Ethiopia has launched a new Artificial Intelligence University Innovation Pod in Addis Ababa, marking a significant step in its ambition to become Africa’s leading AI hub.

The Ethiopian Artificial Intelligence Institute leads the initiative in partnership with Addis Ababa University and the UN Development Programme, under the latter’s Timbuktoo Initiative.

Officials say the centre is designed to strengthen national AI capacity, promote homegrown technological solutions and build a sustainable innovation ecosystem. The AI UniPod will support university students, researchers and start-ups working on advanced digital technologies, with a focus on transforming young people from job seekers into technology creators.

The Ethiopian Artificial Intelligence Institute highlighted recent achievements, including patented tools for breast cancer diagnosis and coffee seed identification, as evidence of the country’s growing technological capability.
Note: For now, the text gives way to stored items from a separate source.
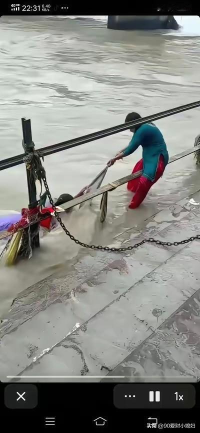 “骨子里的善良!”一位大姐在河边散步,突然听到有人呼救的声音,她往河里看去,看到里面有个女子被湍急的河水冲着往下而去,人在水里浮浮沉沉的,高举着双手喊救命! 大姐看到这一幕心里一急,她往四周看看,没什么人,然后赶紧往下游跑去,前面有台阶可以下去。大姐看着湍急的河水也是害怕,自己不知道水多深也不敢贸然下去,到时候不但救不了人,自己也危险了。 身边也没有绳子,就是大姐着急的不知道该怎么办的时候,她注意到了护栏上挂着不知道从哪里冲下来的那个蛇皮袋子。 大姐赶紧解下来一个,然后一脚踏出护栏,探出身子,紧紧抓着蛇皮袋子一段,对着飘过来的人大喊,让她抓住袋子,自己拉她上来! 所幸,落水的人离岸边不远,慌乱中也顺利的抓住了袋子,大姐就把她拉了上来! 看到最后人被救上来就放心了,真的是要感谢这位的沉着冷静,机智果敢!在这么危急的情况下,大家还能这么冷静的处理问题,利用身边的一切条件去救人。在保证了自己的安全下成功的救下女子,这真的是最好的结局,为这位大姐点赞。 再次提醒大家,去河边一定要注意安全,尤其是刚下过大暴雨的地方,河道湿滑,河水湍急,一旦滑下去真的是很危险。自己不熟悉的水域一定不要靠近,敬畏自然,珍爱生命。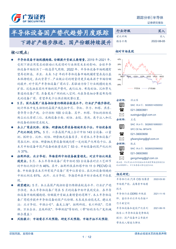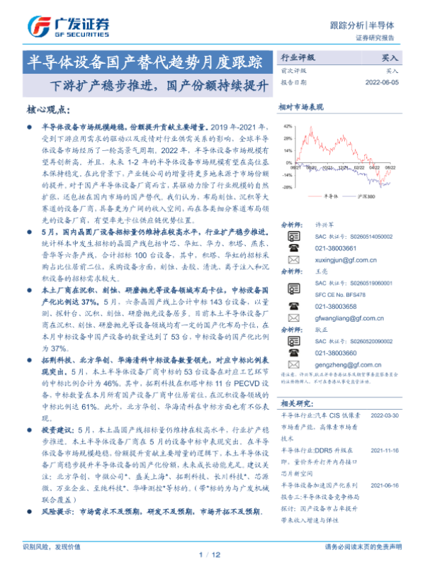 【广发证券】【20220605】半导体设备国产替代趋势月度跟踪:下游扩产稳步推进,国产份额持续提升-12页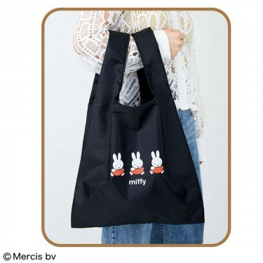 ブラックベースが大人っぽい、とても大きなエコバッグです。マチもしっかりしており、耐荷重も約5kgなのでスーパーなどでのおつかいでも活躍してくれそうです。畳んでもかわいい絵柄で、いつでもミッフィーを楽しめます。

Leaders described the new facility as a shift from ambition to practical implementation of AI.

Data sovereignty was emphasised as a central pillar of the strategy. Authorities argued that control over digital infrastructure and data resources is essential for national sovereignty, particularly as AI becomes embedded in economic and public systems.

The government views the AI UniPod as a long-term platform for innovation, aimed not only at Ethiopia but also at the wider African continent.